Check out which companies are making headlines before the bell:
SodaStream–The maker of home beverage systems earned eight cents per share for the first quarter, beating estimates by seven cents, while revenue was in line with forecasts. The company said the U.S. holiday season was "challenging", but added that growth outside the U.S. was strong.
OpenTable–Bank of America/Merrill Lynch repeated a "buy" rating on the online restaurant reservation service's shares, following Tuesday's seven percent decline. That came after Yelp announced a free restaurant reservation system for users.
Plug Power–The power systems maker reported a quarterly loss of six cents per share, wider than the five cents forecast by analysts.
Fossil —The fashion accessory maker reporting first quarter profit of $1.22 per share, five cents above estimates, with revenue above forecasts as well. However, Fossil also sees current quarter profit well below Street estimates, with same-store sales in North America continuing to decline.
Take-Two Interactive –The game maker earned 21 cents per share, excluding certain items, for its fourth quarter, eleven cents above estimates, and revenue beat analyst forecasts by a wide margin.
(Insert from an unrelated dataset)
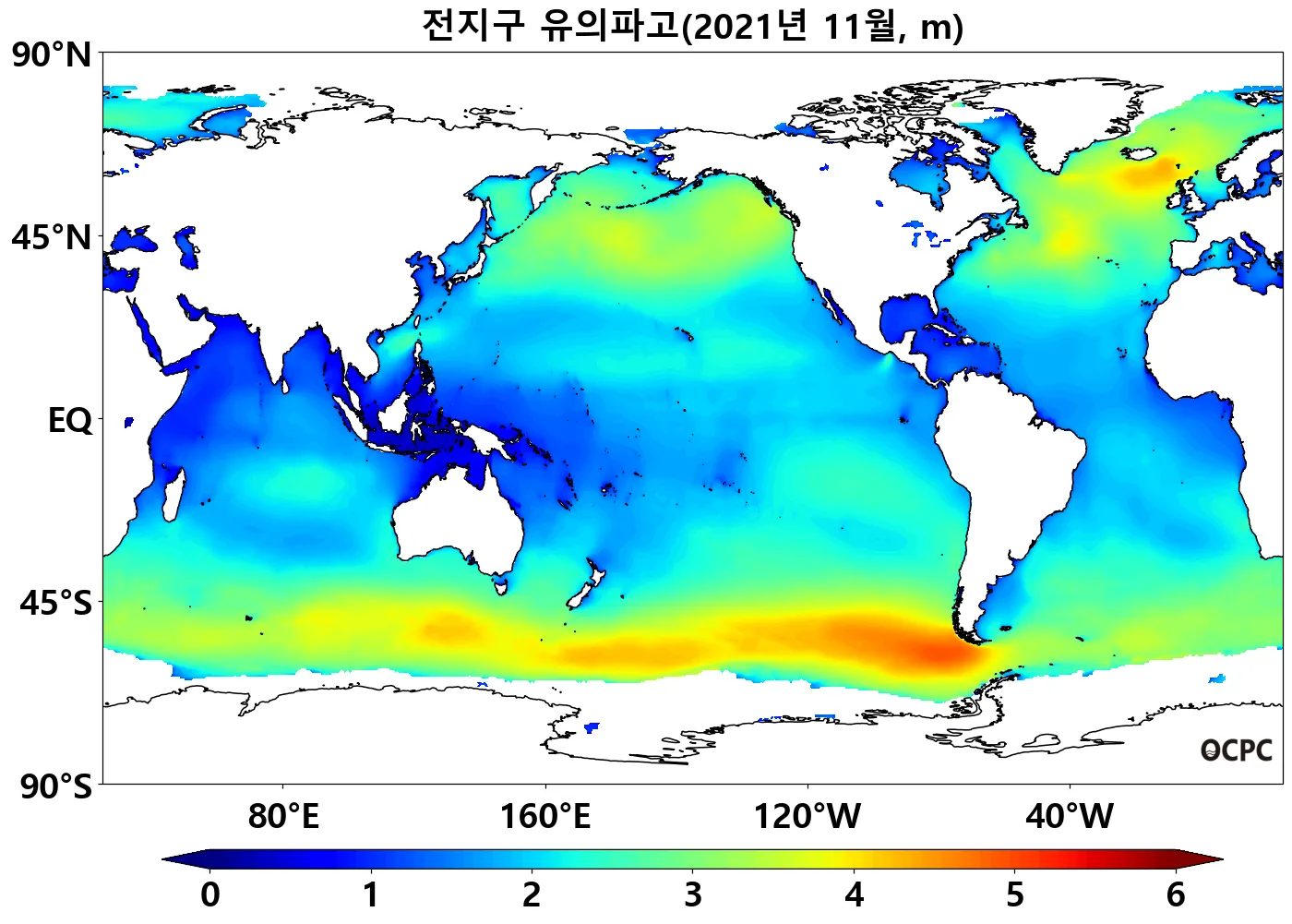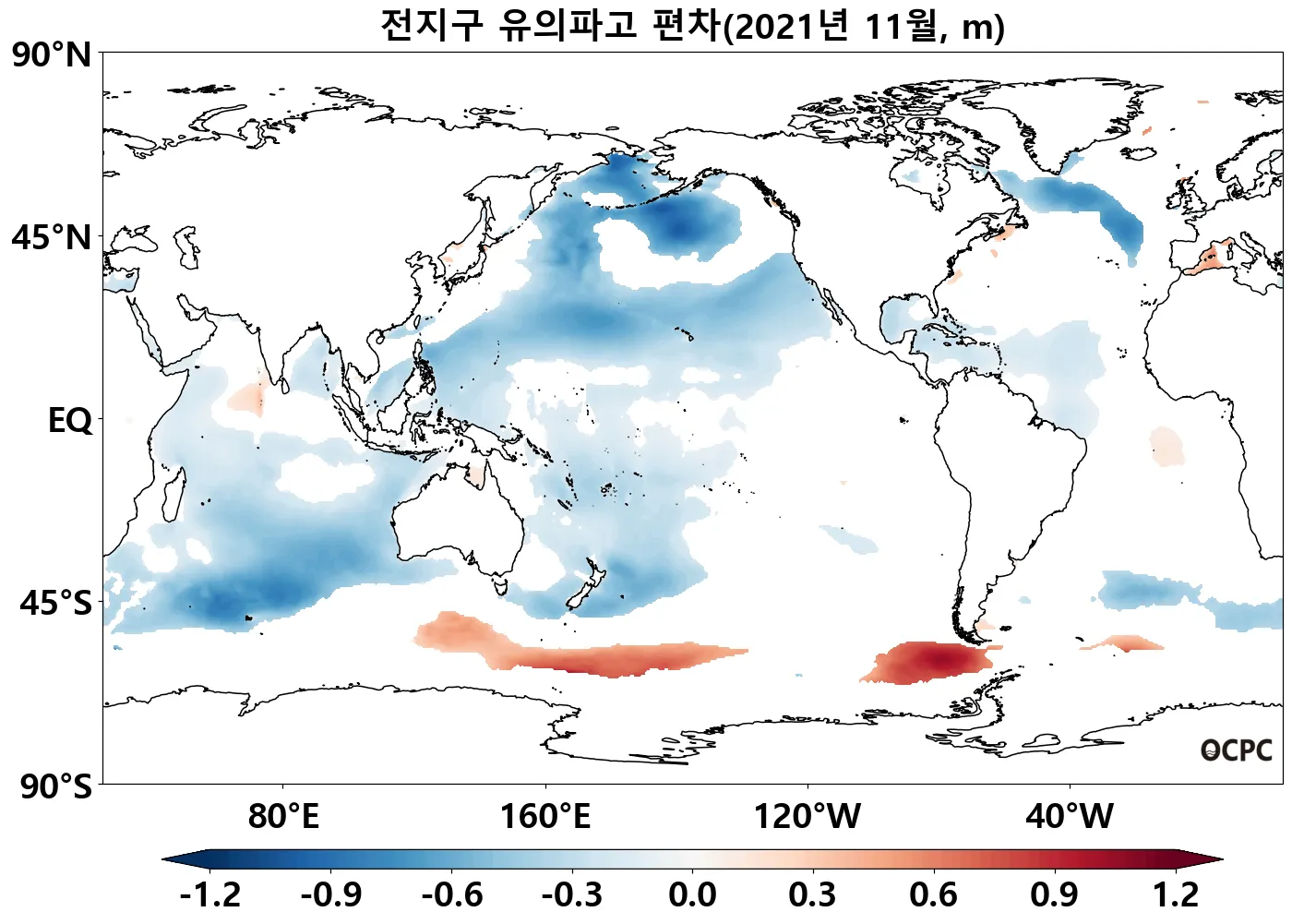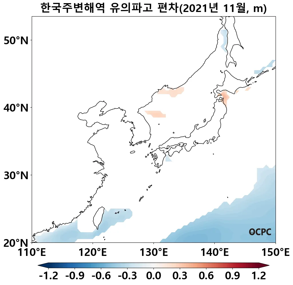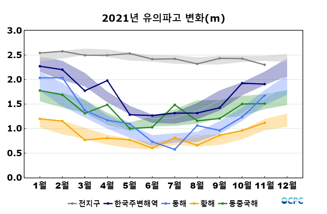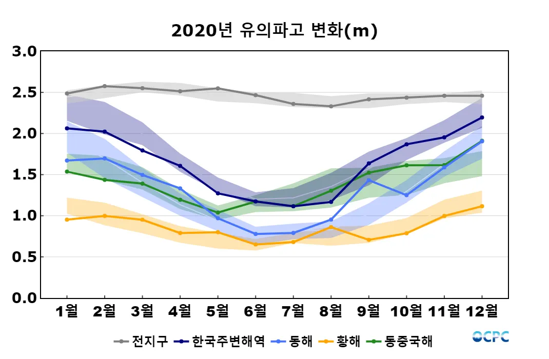 전지구 평균 유의파고는 평년보다 낮았으며, 한국주변해역, 동해, 황해, 동중국해는 평년과 비슷했습니다.

The company does see a current quarter loss wider than Wall Street had been expecting, even amid steady sales of its "Grand Theft Auto" and "NBA 2K14" games.
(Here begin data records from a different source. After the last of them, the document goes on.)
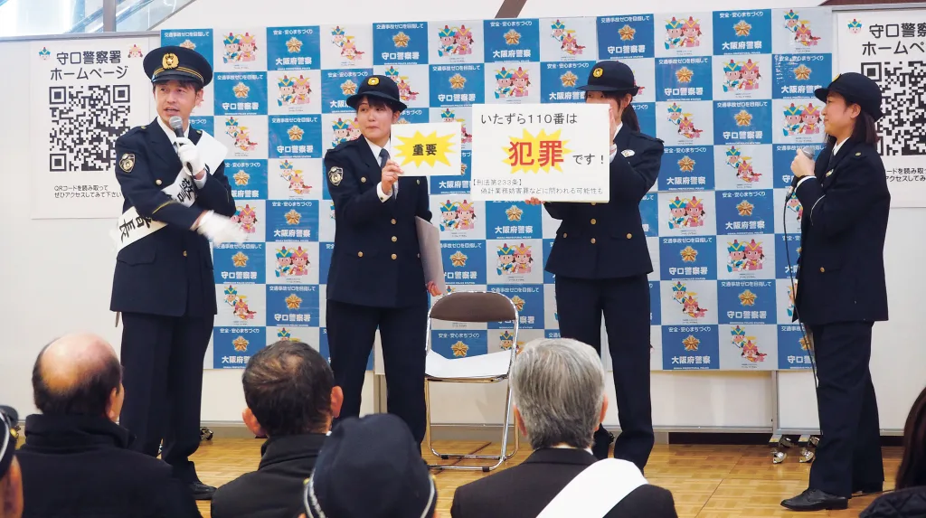 昨年、大阪府内の110番通報は118万3540件。うち24%にあたる28万7412件はイタズラ電話だった説明があると、会場から驚きの声があがった。署員は「イタズラ電話は犯罪。絶対にしないように」と注意を呼びかけた。
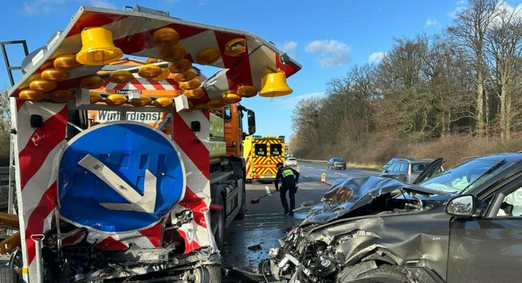 Unfall A3: Am Montagvormittag, 27. Januar 2025, kam es auf der Bundesautobahn 3 in Fahrtrichtung Oberhausen zu einem Verkehrsunfall, bei dem ein BMW SUV auf einen Warnanhänger der Autobahnmeisterei auffuhr. Der Vorfall ereignete sich zwischen dem Autobahnkreuz Ratingen-Breitscheid und der Anschlussstelle Duisburg-Wedau.
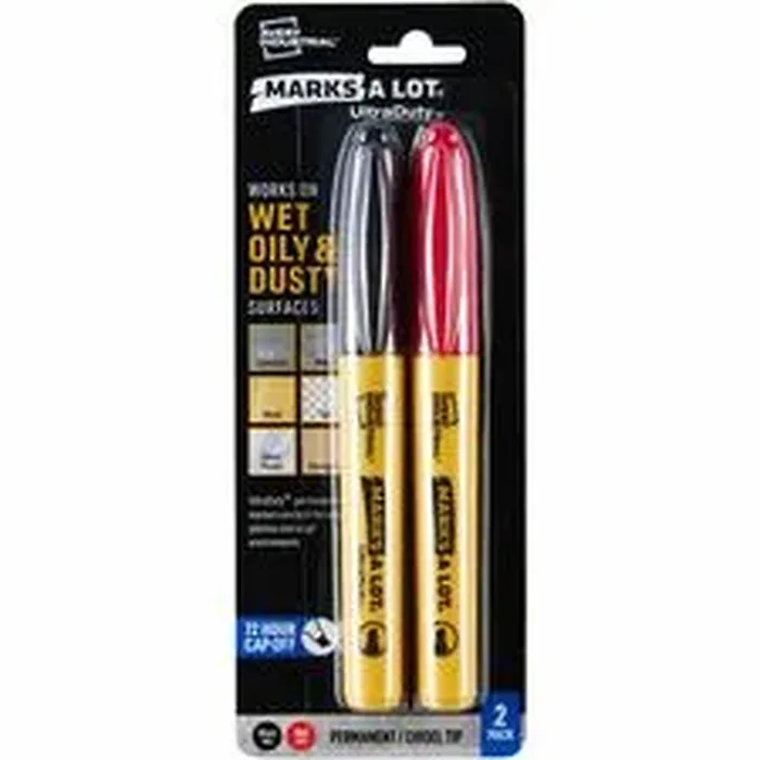 Get the job done with this 2 pack of Avery 29863 Marks A Lot UltraDuty markers with chisel tips. Built for situations where standard permanent markers just aren't enough, Avery Marks A Lot UltraDuty markers are perfect for construction sites, warehouses, workshops and more. The bold fast-drying ink works great on plastic, wood, metal, corrugate and concrete. The durable 5mm bullet tip also works on abrasive, dusty, wet and oily surfaces without clogging. The angled chisel tip also allows you to write lines in varying widths to switch from narrow to bold on the spot. Specially engineered to resist water, abrasion and smearing, the heavy duty ink makes sure that your writing will last through even the harshest of conditions. The durable ink is designed to last and won't dry out when the cap is left off for up to 72 hours. The cap also features a useful clip to help keep the markers secure in your pockets and to prevent rolling. Includes 1 black marker and 1 red marker. Please Note: The industrial-grade ink has a stronger odor than traditional permanent markers.
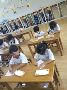 久しぶりにクレパスを使ったので、細かいところまで丁寧に塗っていました。
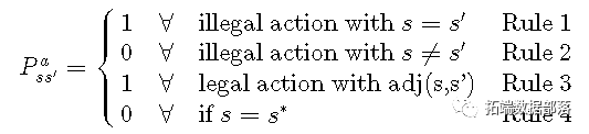 最后,一旦达到目标状态s ∗ s ∗,我们就不希望代理再次离开。为了说明这一点,我们引入了最终规则:
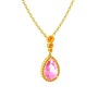 Pembe kuvars ve sitrin 14 ayar altın kolye (40 cm gümüş rolo zincir)

Anadarko Petroleum–Anadarko raised its quarterly dividend by 50 percent to 27 cents per share, after having increased its quarterly payout just last August.
Krispy Kreme Doughnuts—Krispy Kreme has named Anthony Thompson as its new chief executive officer, replacing James Morgan, who will serve as executive chairman. Thompson had been president and chief operating officer at pizza chain Papa John's.
Sony–Sony is forecasting an annual loss for a second consecutive year, and said it planned new restructuring measures.
Fortress Investment Group–Fortress is considering a $4.7 billion bid for Stuyvesant Town-Peter Cooper Village in New York, according to a Bloomberg report.
Pandora–The online radio service's shares were upgraded to "outperform" from "market reform" at Raymond James.